All patients who demonstrated the predefined treatment effects after the 6-month treatment were included in the controlled second-stage study. 150 patients with idiopathic RLS who had responded to treatment were randomly selected and treated with placebo (n = 72 ) or pramipexole (n = 78) in individualized doses of 0.125 to 0.75 mg. In the placebo group, RLS symptoms were expected to be recurrent or increased whereas in the pramipexole group, patients would continue to benefit from treatment already initiated. The severity of the symptoms was determined by the difference between the time of randomization at 6 months and the result after completion of the study according to the international RLS scale. The results of 147 patients were evaluated. The patients had a mean age of 59.6 years, 72.8% were female, the symptoms had been on average for 5.6 years. The severity of RLS symptoms increased significantly more significantly over the study period in the placebo group than in the pramipexole group. The adjusted mean deviation (SE) from the baseline according to the international RLS scale was +14.86 for the placebo group and +2.03 for the pramipexole group. The study shows that continuous treatment with pramipexole for more than 6 months and more leads to a sustained improvement in RLS symptoms.

Claims

claims

1. Use of the active ingredient 2-amino-6-n-propylamino-4, 5,6,7-tetrahydrobenzothiazole, its (-) - or (+) - enantiomer, and its pharmacologically acceptable salts for the manufacture of a medicament for the treatment of the moderate until severe Restless Legs Syndrome.

2. Use according to claim 1, characterized in that moderate to severe RLS is present when the affected and untreated patients on the international RLS scale score> 15, preferably> 20.

3. Use according to claim 1, characterized in that moderate to severe RLS is present when the symptoms usually occur more than twice a week.

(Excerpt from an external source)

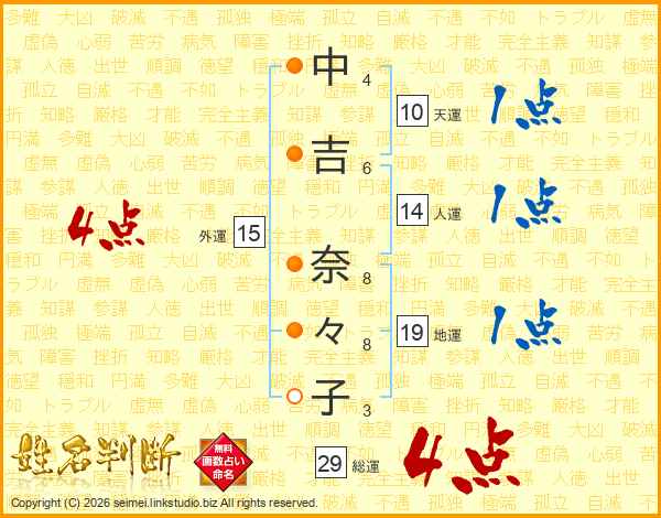 中吉奈々子さんの総運は29画の4点!

4. Use of the active ingredient 2-amino-6-n-propylamino-4, 5,6,7-tetrahydrobenzothiazole, its (-) - or (+) - enantiomer, as well as its pharmacologically acceptable salts for the manufacture of a medicament for the improvement of RLS Symptomatology which persists for a period of 6 months and / or more, especially over a period of at least 7 months, more particularly over a period of at least 8 months, the active ingredient being dosed at 0.1 to 1.5 mg once administered daily over the same period.

5. Use according to claim 4, characterized in that the RLS is a moderate to severe RLS, it is preferred that the affected and untreated patients on the international RLS scale score> 15, preferably> 20.

6. Use according to claim 4, characterized in that the RLS is a moderate to severe RLS, it is preferred that the symptoms occur more than twice a week.

7. Use of the active ingredient 2-amino-6-n-propylamino-4, 5,6,7-tetrahydrobenzothiazole, its (-) - or (+) - enantiomer, as well as its pharmacologically acceptable salts for the manufacture of a medicament for the improvement of RLS Symptoms within a 1-week period, with the active ingredient being administered at a dosage of 0, 1 to 1 mg once daily over the same period of time.

8. Use according to claim 8, characterized in that the RLS is a moderate to severe RLS, it is preferred that the affected and untreated patients on the international RLS scale score> 15, preferably> 20.

9. Use according to claim 8, characterized in that the RLS is a moderate to severe RLS, it is preferred that the symptoms occur more than twice a week.